If we compare that with the first few bytes of the artifact, it doesn't line up at all. Most significantly, we don't see the magic bytes (`\x1f\x8b`) that would identify this file as GZIP:

```bash
$ xxd tarry_night.tar.gz | head -2
00000000: 08ad 372b 6400 0374 6172 7279 5f6e 6967 ..7+d..tarry_nig
00000010: 6874 2e74 6172 00ec fc65 54a5 4bb3 268a ht.tar...eT.K.&.
```

For file recovery challenges like these, it's usually best to compare a known-good file of the same filetype as whatever artifact we're working on.
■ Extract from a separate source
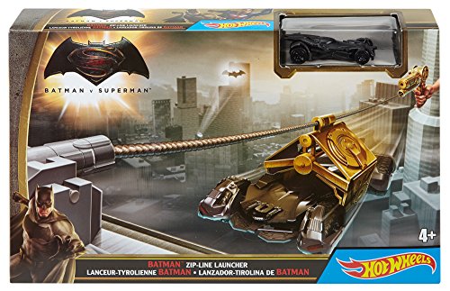 -. Binding : Toy -. Brand : Hot Wheels -. EAN : 0887961320305 -. Feature : This exciting Hot Wheels DC Comics track set assortment has plenty of super hero action and adventure / Zip the new Batman v Superman: Dawn of Justice Batmobile down the wire from his grappling hook gun and onto the streets of Gotham! / Position your Hot Wheels Superman Hot Wheels vehicle at the top of the launcher in the Sky High Takedown Track set / Each set includes an exclusively decorated Hot Wheels vehicle and sets up a mission to defeat villains and save the day! / Carefully aim to take out the Lexcorp helicopters and tower from the top of his sky slide -. IsAdultProduct : 0 -. Label : Mattel -. Manufacturer : Mattel -. Model : DPL88 -. MPN : DPL88 -. PackageQuantity : 1 -. PartNumber : DPL88 -. ProductGroup : Toy -. ProductTypeName : TOYS_AND_GAMES -. Publisher : Mattel -. ReleaseDate : 2016-04-13 -. Studio : Mattel -. Title : Hot Wheels Batman v Superman Dawn of Justice Batman Zipline Launcher Trackset -. UPC : 887961320305 -. Warranty : 1 year warranty against manufacturer defects

That typically makes it pretty easy to see what's out of place. Here is the header of another random `.tar.gz` in my ctf directory:

```bash
$ xxd ./hack-a-sat/pwn/warning_public.tar.gz | head -2
00000000: 1f8b 0800 0000 0000 0003 ec5c 0d74 1455 ...........\.t.U
00000010: 967e dd49 9310 0209 0a8a 8052 2820 18d2 .~.I.......R( ..
```

Notice how the challenge artifact has the name of the file "tarry_night.tar" near the header, but this other file does not. That is because of the `Flags` field in the header (offset 3). This value is is `\x00` in the known-good file. The `Flags` byte is meant to be interpreted as a bitmask. If Bit 3 (0x8) is set in this byte, it means that the name of the compressed file immediately follows the header. Thus, we can identify the end of the header by the start of this string. If we count backwards from the start of the string, we count 7 total header bytes. The GZIP header should be 10 bytes, which means we are missing three. It makes sense for the first byte in the artifact (`\x08`) to be the `Flags` byte since it is a value indicating that the name of the file will be present following the header (`\x08`). Also, we know we are missing the first two magic bytes because they are constant. Thus, we can reasonably assume that we're missing the first three bytes of the `.gz` header (`\x1f\x8b\x08`).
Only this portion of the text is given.